VoxelPathFinder / README.md

Update README.md

9417e11 verified about 1 month ago

4.62 kB

	---
	license: mit
	library_name: pytorch
	pipeline_tag: other
	tags:
	- path-planning
	- 3d
	- voxels
	- cnn
	- transformer
	- robotics
	- pytorch
	- inference
	- Blender
	---

	### Voxel Path Finder (3D Voxel Path Planning with CNN+Transformer)

	This repository hosts the weights and code for a neural network that plans paths in a 3D voxel grid (32×32×32).
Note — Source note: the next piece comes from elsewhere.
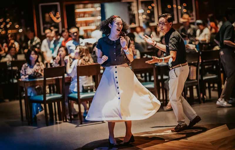 Blue Note Shanghai(中信广场)的蓝调与爵士复古游园派对,有着纯正的蓝调和爵士乐,以及随着音乐响起就能翩翩起舞的人们。在纯正的美式复古风中我还感受到了浓浓老上海风情,要知道,在民国时期的上海滩,受到西方文化熏陶影响的年轻人最时髦的节目就是每周末的舞会,所以后来所谓的上海老克勒们,都比年轻人更会社交舞。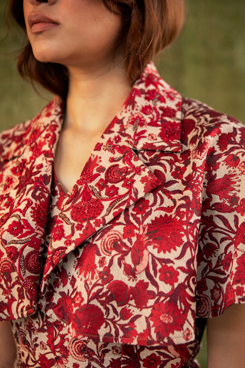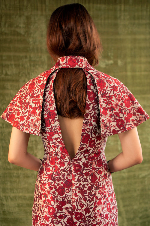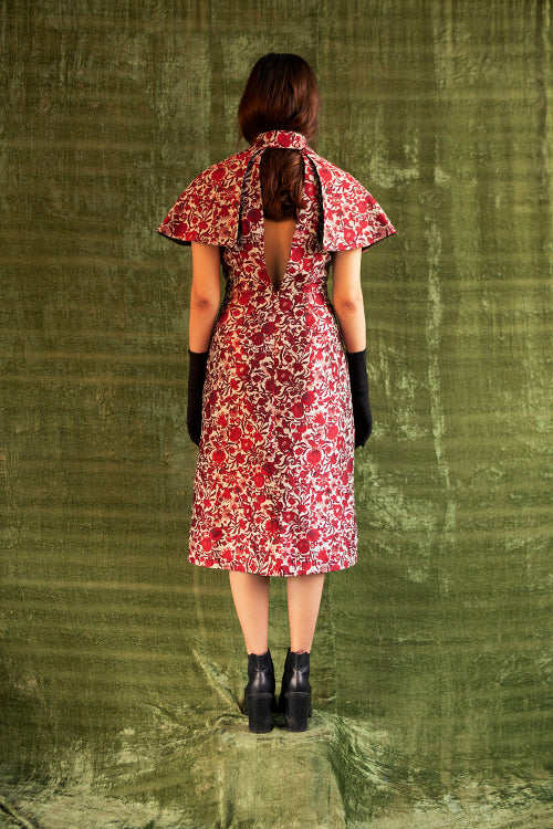 The red floral sleeveless jacquard dress is both modern and elegant. It has an attached short cape with an embroidered collar and flap pockets at the waist. The back is exposed with a low cut to add glamour.

The model encodes the voxelized environment (obstacles + start + goal) with a 3D CNN, fuses learned position embeddings, and autoregressively generates a sequence of movement actions with a Transformer decoder.

	- Task: 3D voxel path planning (generate action steps from start to goal)
	- Actions: 0..5 → [FORWARD, BACK, LEFT, RIGHT, UP, DOWN]
	- Framework: PyTorch
	- License: MIT
	Github = https://github.com/c1tr0n75/VoxelPathFinder

	### Model architecture (high level)
	- Voxel encoder: 3D CNN with 3 conv blocks → 512-d environment feature
	- Position encoder: learned embeddings over (x, y, z) → 64-d position feature
	- Planner: Transformer decoder over action tokens with START/END special tokens
	- Output: action token sequence; special tokens are excluded from final path

	### Inputs and outputs
	- Input tensors
	- `voxel_data`: float tensor of shape `[1, 3, 32, 32, 32]`
	Channels: [obstacles, start_mask, goal_mask]
	- `positions`: long tensor of shape `[1, 2, 3]`
	Format: `[[start_xyz, goal_xyz]]` with each coordinate in `[0, 31]`
	- Output
	- Long tensor `[1, T]` of action IDs (0..5), padded internally with END if needed

	### Quickstart (inference)
	Make sure this repo includes both `final_model.pth` (or `model_state_dict`) and `pathfinding_nn.py`.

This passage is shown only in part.